Entries shown

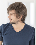 Peruka męska Johnny to model z włosów syntetycznych utkanych na bazie, którą charakteryzuje wykonanie maszynowe na tresach, mikroskóra na linii przedziałka oraz linia rozmyta z przodu. Specjalne włókno syntetyczne doskonale imituje prawdziwe włosy.
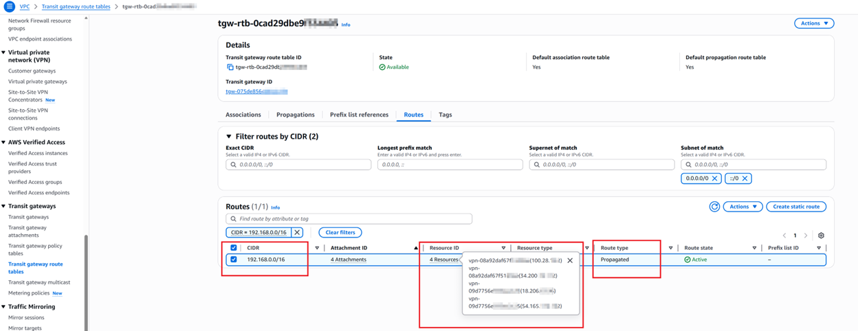 - 并且transit gateway 也自动学习到了 on-premises 环境的路由(168.0.0./16)。
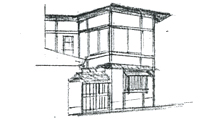 2階外壁にかわいいタイルが張られた4軒の長屋が並ぶ中の1軒。外構にも緑が植えられていてかわいらしい雰囲気の町家。これから若者がここで町家生活を始める。丁寧に住んでいき、町家生活を存分に楽しんでほしい。(2011.6) |
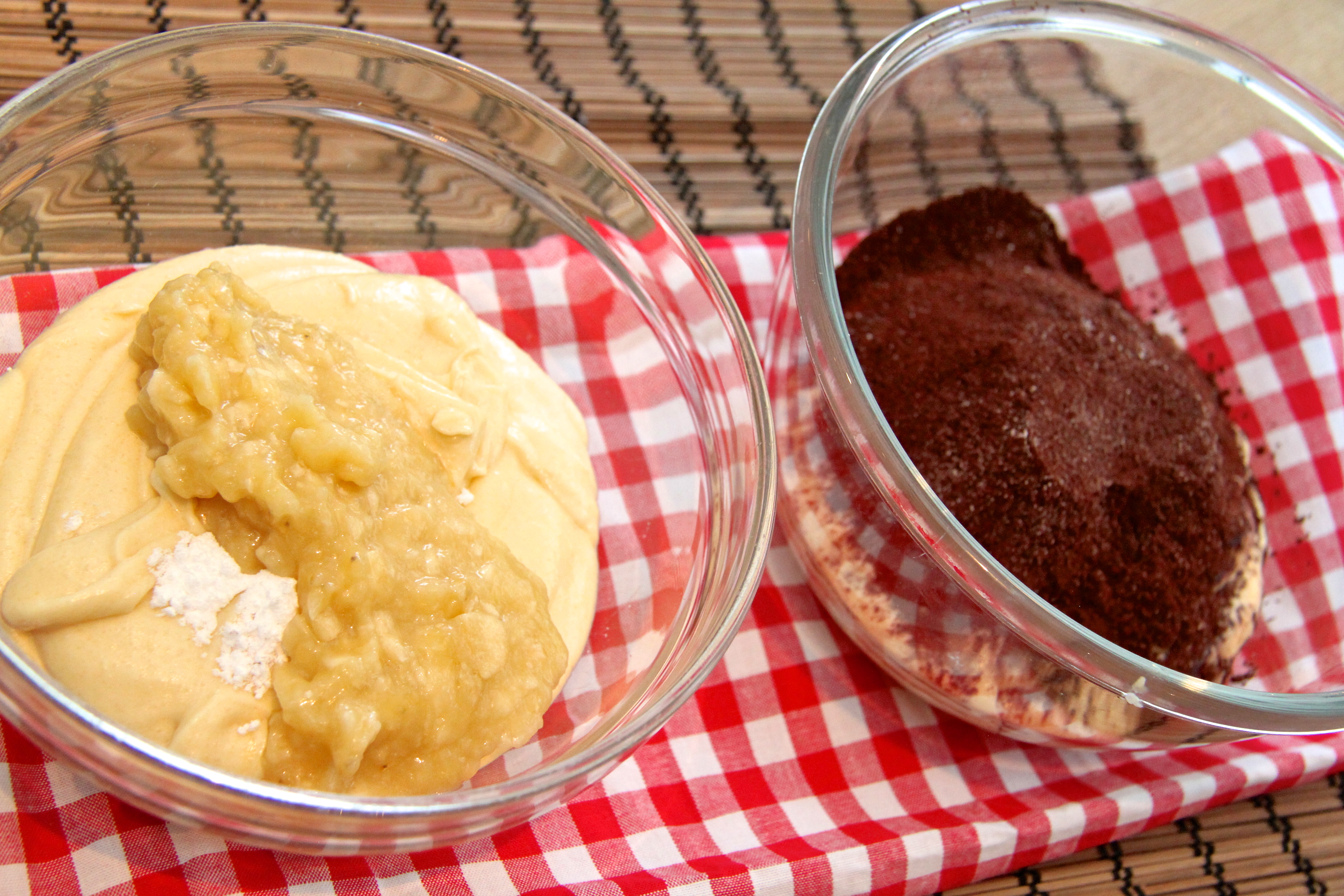 Ofn hitaður í 200 gráður við undir og yfirhita. Egg, sykur, olía og brætt smjör hrært saman. Því næst er hveiti og salti bætt út í og hrært saman við deigið. Þá er deiginu skipt í tvo jafna hluta. Kakói og vanillusykri er sigtað út í annan hlutann og blandað varlega saman við deigið. Banana og vanillusykri er bætt út hinn hlutann og blandað vel saman við deigið.
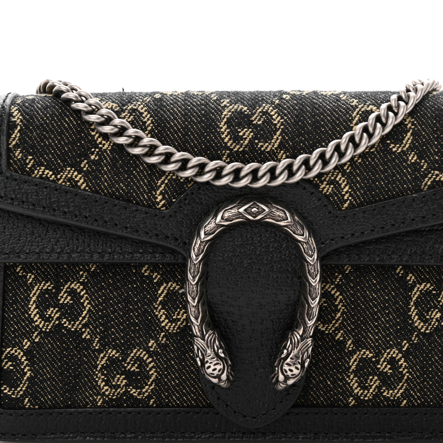 This is an authentic GUCCI Jacquard Black Denim GG Monogram Super Mini Dionysus Shoulder Bag in Black and Ivory. This petite bag is crafted of beige Gucci monogram on black denim canvas. This shoulder bag features a matte silver chain shoulder strap, black leather trim, and a textured silver horseshoe tiger spur closure. The flap opens to a black leather interior with a key ring.Follow this item for alerts. Gucci is a registered trademark of Gucci. FASHIONPHILE is not affiliated with Gucci.
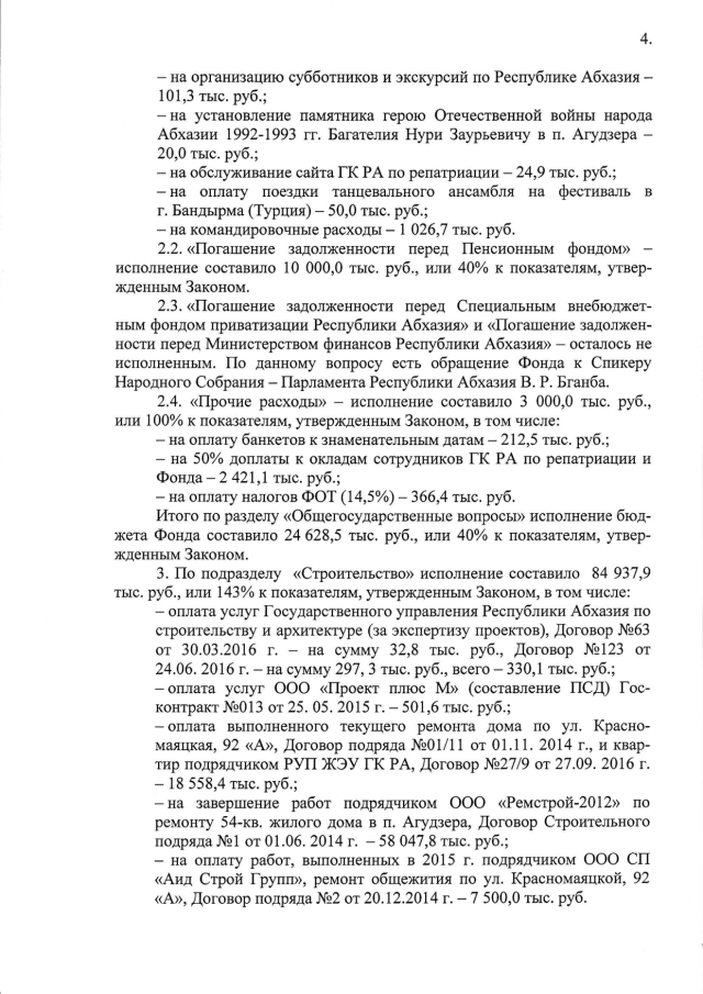 Постановление Кабинета Министров Республики Абхазия от 06.03.2017 № 22 "Об исполнении бюджета Фонда репатриации Республики Абхазия за 2016 год"
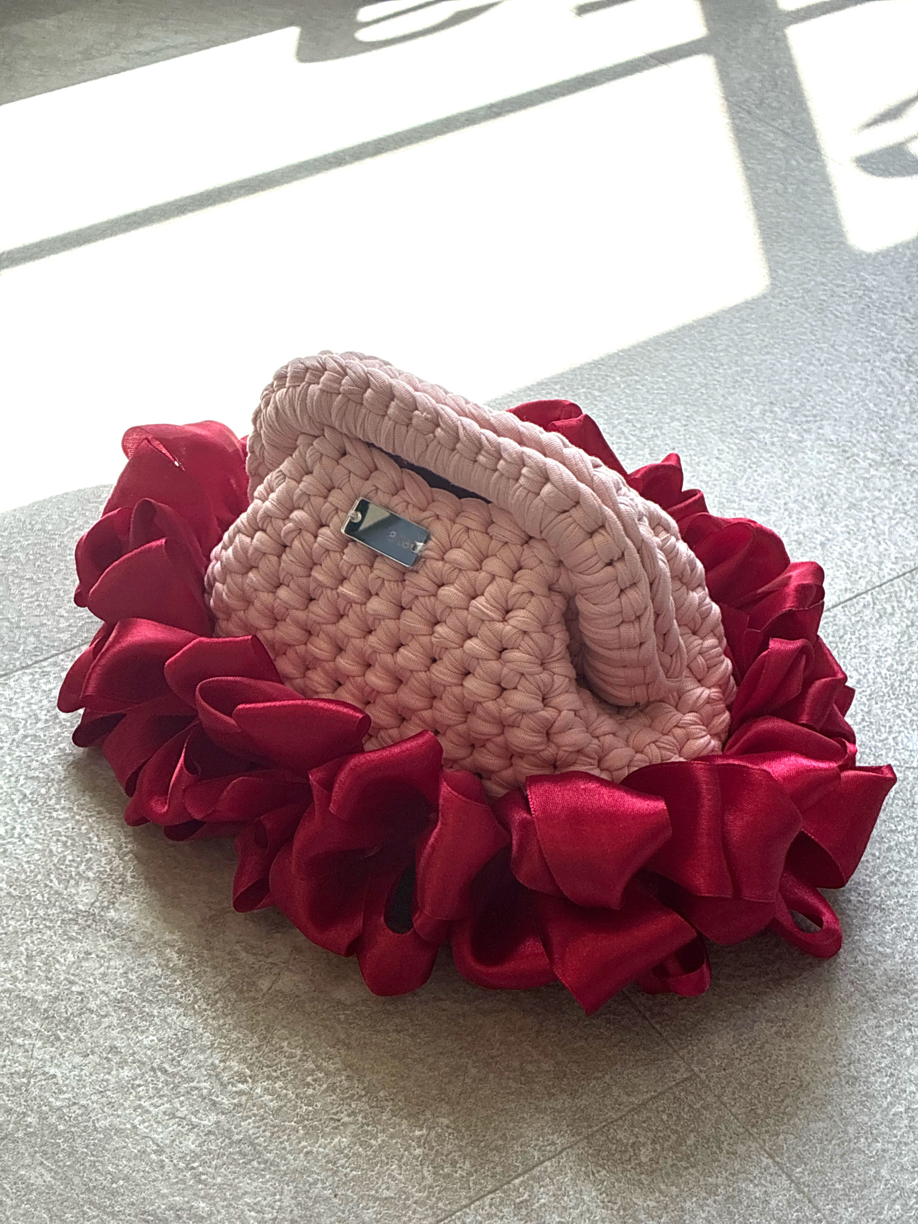 ピンクと赤の絶妙なコンビネーションが印象的なオシャレなクラッチバッグです。「甘すぎない大人スタイル」。手触りの良いTシャツヤーンを使用しているため、肌にも優しく、毎日のお出かけに最適です。あなたのコーディネートに華を添えてくれることでしょう!

Your goal
Without any picture, return exactly the lines of the records above from the first through the line that contains "Постановление Кабинета Министров".

Task response
 Peruka męska Johnny to model z włosów syntetycznych utkanych na bazie, którą charakteryzuje wykonanie maszynowe na tresach, mikroskóra na linii przedziałka oraz linia rozmyta z przodu. Specjalne włókno syntetyczne doskonale imituje prawdziwe włosy.
 - 并且transit gateway 也自动学习到了 on-premises 环境的路由(168.0.0./16)。
 2階外壁にかわいいタイルが張られた4軒の長屋が並ぶ中の1軒。外構にも緑が植えられていてかわいらしい雰囲気の町家。これから若者がここで町家生活を始める。丁寧に住んでいき、町家生活を存分に楽しんでほしい。(2011.6) |
 Ofn hitaður í 200 gráður við undir og yfirhita. Egg, sykur, olía og brætt smjör hrært saman. Því næst er hveiti og salti bætt út í og hrært saman við deigið. Þá er deiginu skipt í tvo jafna hluta. Kakói og vanillusykri er sigtað út í annan hlutann og blandað varlega saman við deigið. Banana og vanillusykri er bætt út hinn hlutann og blandað vel saman við deigið.
 This is an authentic GUCCI Jacquard Black Denim GG Monogram Super Mini Dionysus Shoulder Bag in Black and Ivory. This petite bag is crafted of beige Gucci monogram on black denim canvas. This shoulder bag features a matte silver chain shoulder strap, black leather trim, and a textured silver horseshoe tiger spur closure. The flap opens to a black leather interior with a key ring.Follow this item for alerts. Gucci is a registered trademark of Gucci. FASHIONPHILE is not affiliated with Gucci.
 Постановление Кабинета Министров Республики Абхазия от 06.03.2017 № 22 "Об исполнении бюджета Фонда репатриации Республики Абхазия за 2016 год"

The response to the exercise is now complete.